Suriye özelinde ABD-Rusya ikilemi

Seyahatlerimin yoğunluğu ve yaşadığım zor günler sebebiyle uzun süredir paylaşmayı düşündüğüm bir yazıya ancak sıra geldi. Bugün The Wall Street Journal’da yayınlanan bir makale üzerinden Suriye özelinde ABD-Rusya mücadelesini değerlendirmek istiyorum.
Makale ABD’de halka yakın isimlerden birisi olarak kabul edilen Wyoming eyaleti senatörü Dr. John Barasso’ya ait. Makalenin odak noktası olan Suriye’deki gelişmeler ve ABD-Rusya ilişkilerine bakış açısı burada önemli bir kesimin düşüncelerini ortaya koyma gayreti içinde. Zira ABD basınında Barasso ile benzer düşünceleri paylaşanları artık daha sık görmek mümkün. Barasso oldukça sert ifadelerle kaleme aldığı makalesinde özetle şu görüşleri ileri sürüyor:
 “Çoğu uzman ,kimyasal silahların taşınması konusundaki programın kullanışsız olduğunu ifade ediyor. Ama esas önemli nokta; Kerry-Lavrov arasında basitçe anlaşmaya varılmış olsa da bu durum Rusya’nın Suriye adına gerçekleştirdiği erteleme taktiğinden başkası değil. Bunu daha önce de gördük.”

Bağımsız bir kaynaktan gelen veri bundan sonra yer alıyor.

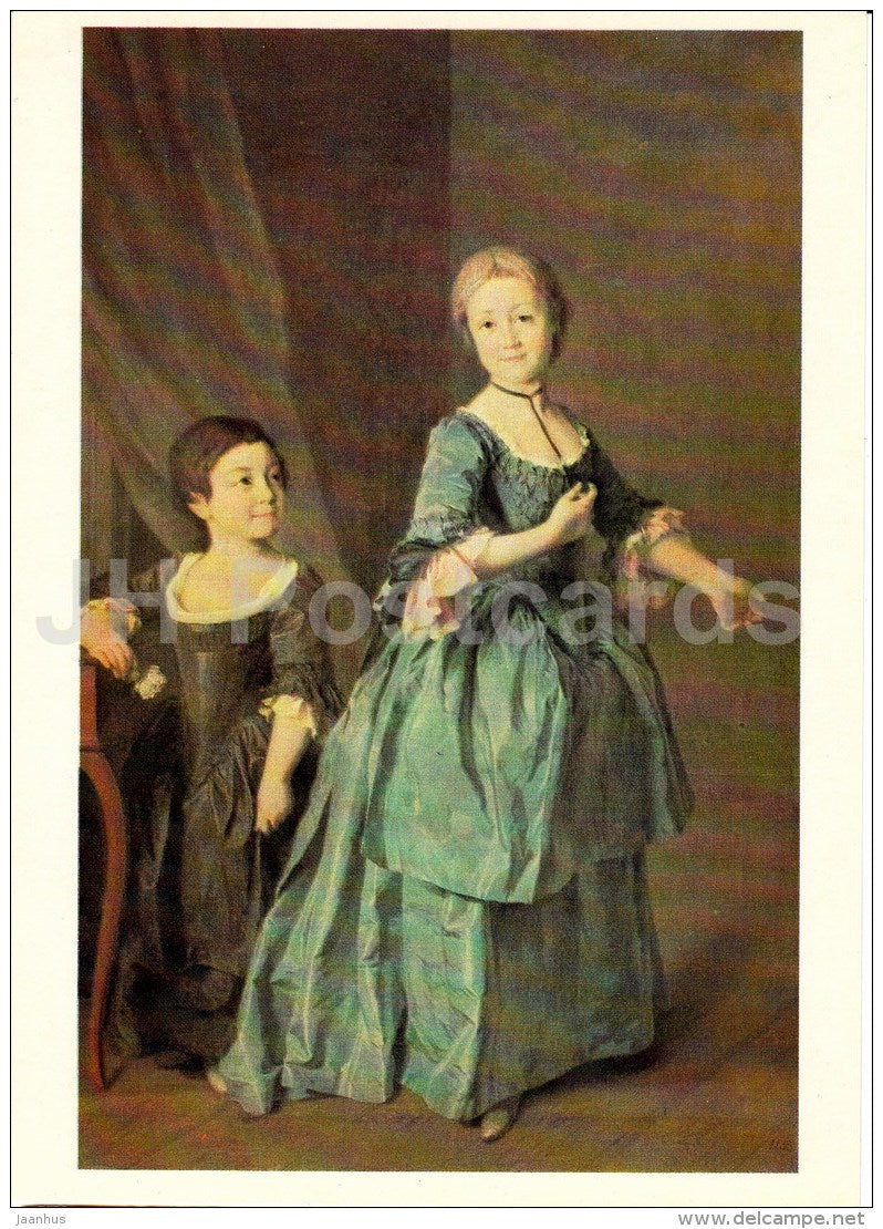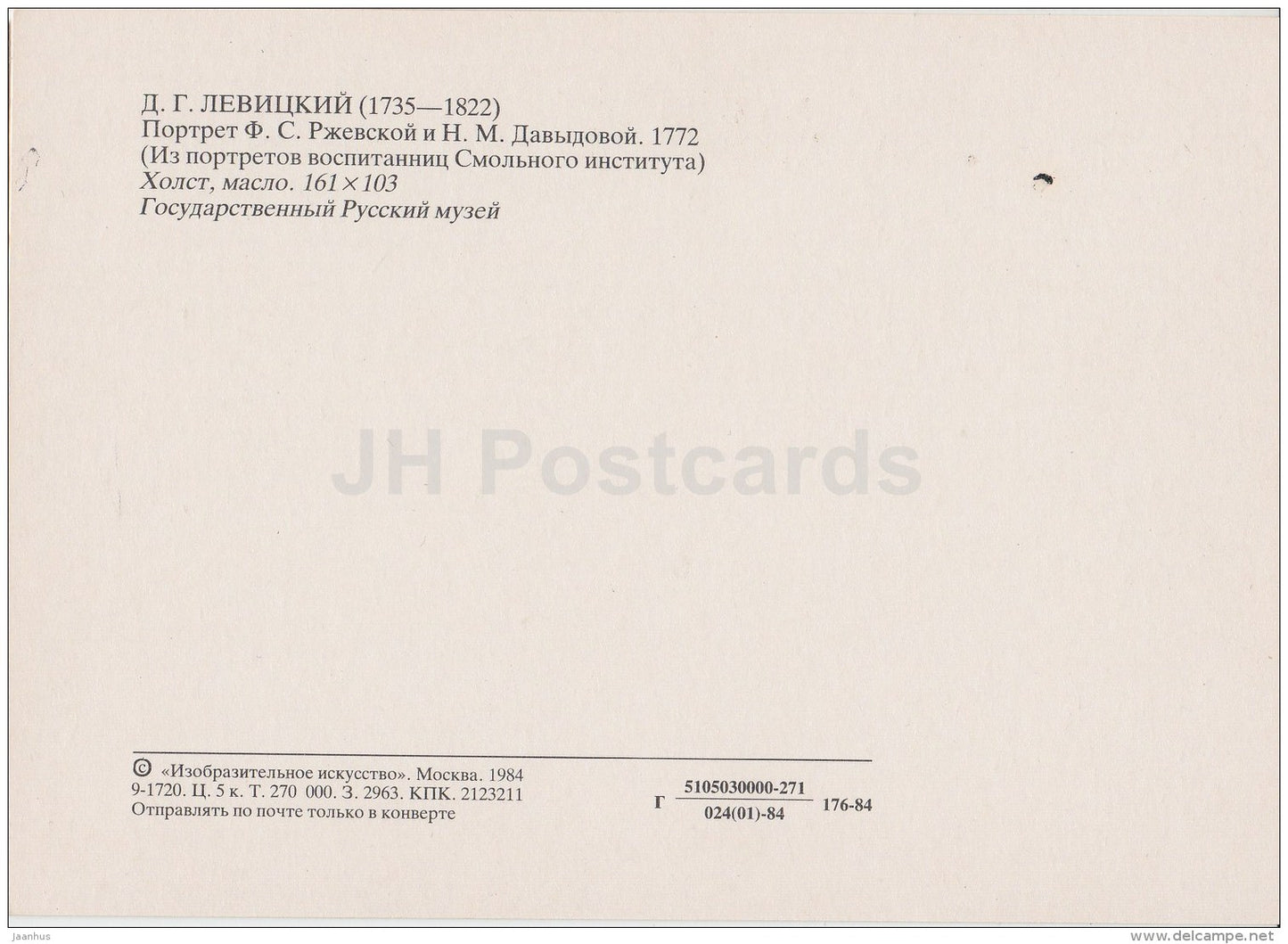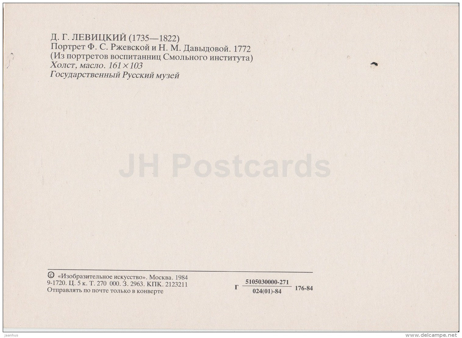 painting by D. Levitsky - Portrait of F. Ryzhevskaya and N. Davydova , 1772 - Russian art - 1984 - Russia USSR - unused

Barasso, 7 Mayıs’ta Suriye’deki iç savaşın önlenmesi için yapılan uluslararası toplantıdan sadece 2 hafta sonra geliştirilmiş füzelerin Rusya tarafından temin edildiğini ve ölen 100 binden fazla insanın sebeplerinden birisinin bu olduğunu iddia ediyor. Bununla da yetinmeyip Rusya’da insan hakları koşullarının oldukça geri durumda kaldığını, özgürlük ve yolsuzluk konusunda sicilinin bozuk olduğunu ifade ediyor. Barasso, Esad’ın kimyasal silahları imha edeceğine yönelik açıklamasının zaman kazanma amacı taşıdığını kabul ederek ABD halkına soruyor “Neden Rusya’dan benzer kısıtlamaların uygulanmasını umut edelim?” Barasso nihai olarak, Obama’nın Rusya ile işbirliğine güvenmemesini tavsiye ediyor.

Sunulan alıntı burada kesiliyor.